Right after cutting the soap, I detected a porky smell amidst the peppermint and eucalyptus.  Maybe it’s just me because I know what’s inside? I’ve been sniffing at it everyday, checking for any hint of porkiness.  It has been two weeks now and I think my soap is safe. Whew!

Dog Soap - Lard



Lard Dog Soap

  • 638 g.  Lard (58%)
  • 275 g.  Coconut Oil (25%)
  • 165 g.  Castor Oil (15%)
  • 22 g.    Stearic Acid (2%)
  • 152 g.  NaOH
  • 325 g.  Distilled Water (+2 Tbsp beer leftover from my beer & egg soap)
  • 15 ml   Lavender
  • 15 ml   Eucalyptus
  • 15 ml   Peppermint

This is my first soap with stearic acid.  Just like the sodium lactate, I am not sure if it has made the soap harder.

May 28, 2013

This evening, as I was doing my daily sniffing routine, I somehow felt it was time to try my porky dog soap – on me.  It has cured for a mere 16 days, but it was quite hard already.  My whole routine on picking up the soaps, examining, smelling and pressing to test for hardness, feels no different from picking out a perfectly ripe fruit. Ok, I can’t say this soap is perfectly ripe, but at least good enough.

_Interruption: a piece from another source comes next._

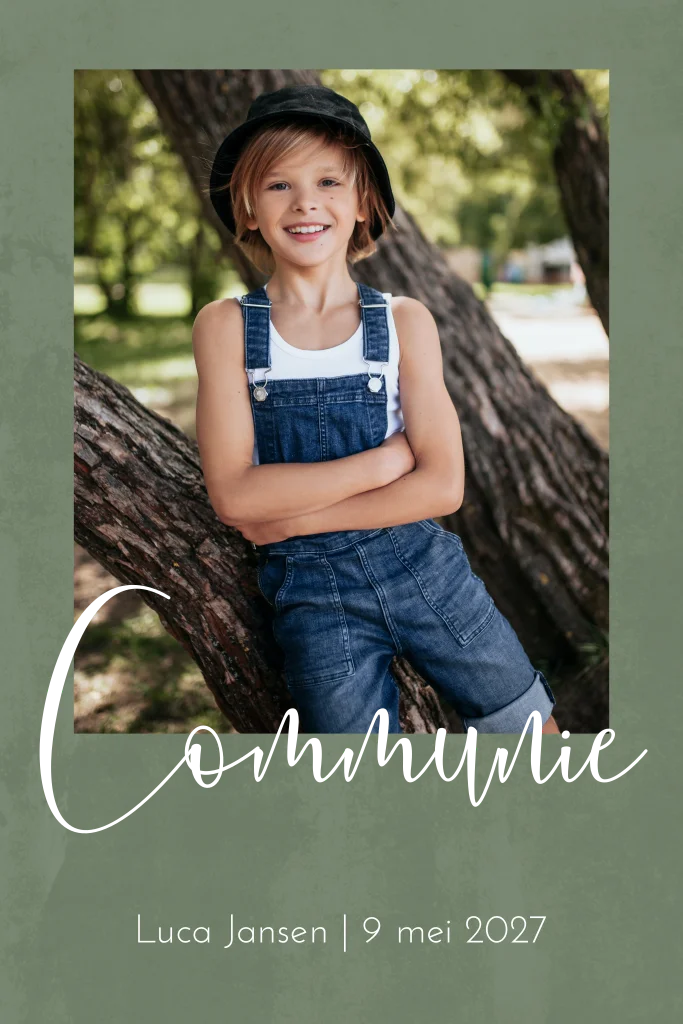 Dit communiekaartje met foto en goudfolie op een groene, velvetlook achtergrond is de perfecte keuze voor deze speciale gelegenheid. Het weelderige groen en het glinsterend goud zorgen voor een unieke uitstraling.

I had my apprehensions that there might be a lurking porky smell once I used the soap.  Surprise, surprise!  This is an amazing soap! It feels silky, lathers well, the scents of the essentials oils actually stayed, and no hints of porkiness.  Lard is known to make for a hard soap, but I also believe that the stearic acid helped, considering that this soap is still very young and has a high percentage of castor oil.

Will this be a good soap too for what it was intended for? Will post on that once I’ve put it to the test, but it won’t be that soon because Chewie just came from the groomers.